Midstream underperformed the market for a third straight week after its massive bounce in November and early December. The group is clinging to a positive month of performance with just 4 more trading days left, but midstream is way off the pace of the S&P 500, utilities and infrastructure this week, this year and the last 6 years.
Lower oil and natural gas prices were a headwind to midstream trading in a light week of relevant sector news. Re-positioning for a post-vaccine return of demand appears to have already occurred well in advance of these final weeks of 2020.
Even with a strong rebound this quarter, MLPs trail broader midstream stocks by around 500 basis point in 2020. That would make it 5 years of AMNA beating AMZ in annual total return out of the last 6. Put another way, if you invested $10,000 at the end of 2014:
Reflecting on another lost year for MLPs, it becomes harder to picture a scenario of sustained MLP outperformance relative to the AMNA. Broader midstream (AMNA) has corporations that are easier for institutions and foreign investors to own. AMNA also has much more exposure to companies with natural gas pipeline assets, while AMZ has very little gas pipeline exposure.

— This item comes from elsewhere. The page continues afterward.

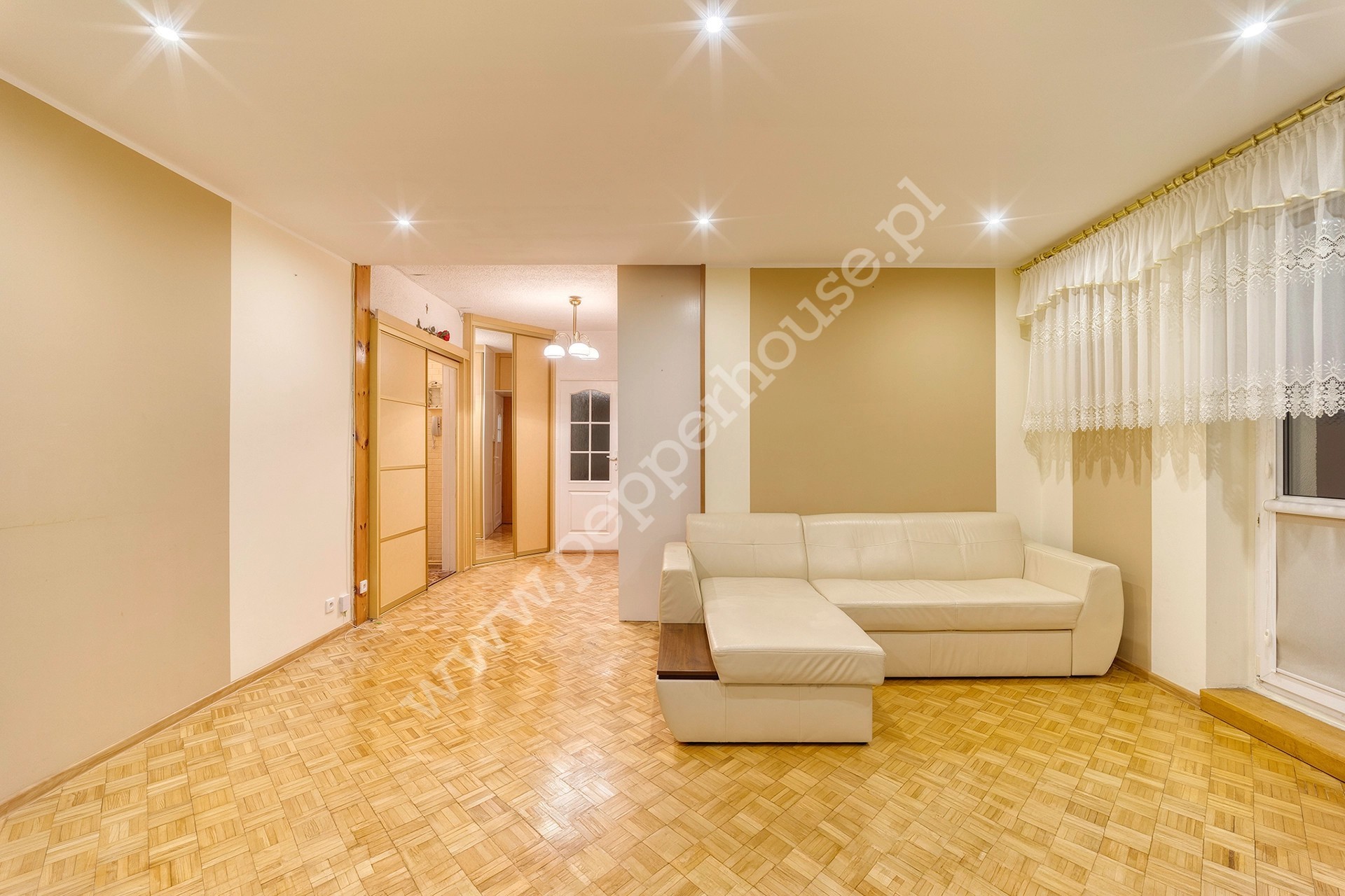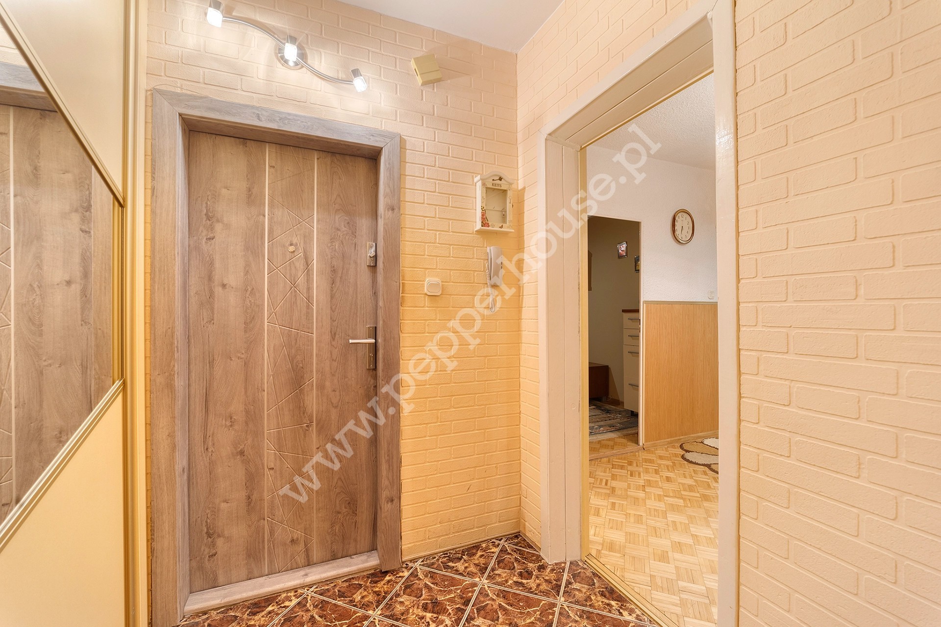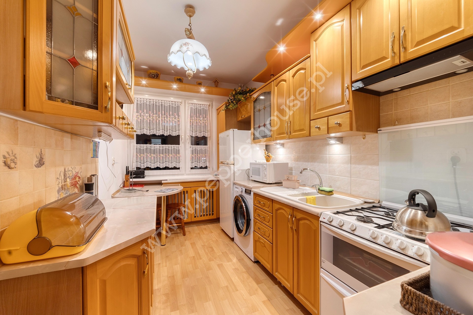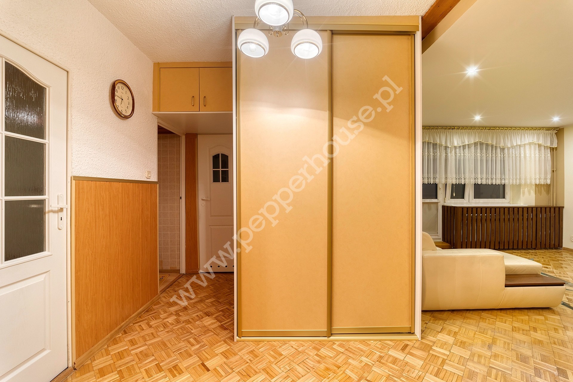 Mieszkanie ok. 63,5 m2 znajduję się na 3 piętrze bloku mieszkalnego. Na podłogach znajdziemy parkiet oraz kafle. Ściana pomiędzy salonem, a przedpokojem została wyburzona, co daje nam ponad 26 m2 otwartej przestrzeni. Dodatkowo mamy dwie oddzielne sypialnie i pełnoprawną kuchnię z drewnianymi meblami. Łazienka z wanną. W lokalu pozostaje pełne wyposażenie widoczne na zdjęciach, gdzie warto zwrócić uwagę na aż 4 pakowne szafy.

Happy Holidays! Try to enjoy the downtime, even if energy stocks aren’t keeping up with the market.
A few MLPs were positive this week, the minimum amount to qualify for use of the word “few”. PAA led all MLPs with a 1% gain on no news, while another company with oil pipeline and storage assets (NS) was one of the biggest losers, also on no news.
PAA repeated in the top 5 week-over-week. On the YTD leaderboard, with just 4 trading days left, most MLPs are very ready for the 2021 leaderboard reset.
Smaller names AM and ALTM led all midstream corporations this week, while big cap names like OKE, KMI and WMB were all underperformers.
AM enters the final few trading days of the year with a massive lead on the rest of the sector, up nearly 40% including distributions. On the other end, PAGP seems to have locked down the bottom of the group for 2020. The way this sector goes, 2021 is likely to offer a similar disparity of returns between top and bottom performers, but probably with two different stocks at either end of the barbell.
All of Canada was down this week, and again ENB held up better than others as it continues to gain support after Line 3 permitting and construction progress in recent months. Pembina still struggling to attract interest, finishing near the bottom of the group again this week.
On the YTD leaderboard, ENB is on track for the come from behind 2020 performance victory in Canada, overtaking GEI and TRP in the second half of the year on rebounding oil prices and Line 3 progress. But regulatory risk still looms to some extent with the Biden Administration taking over.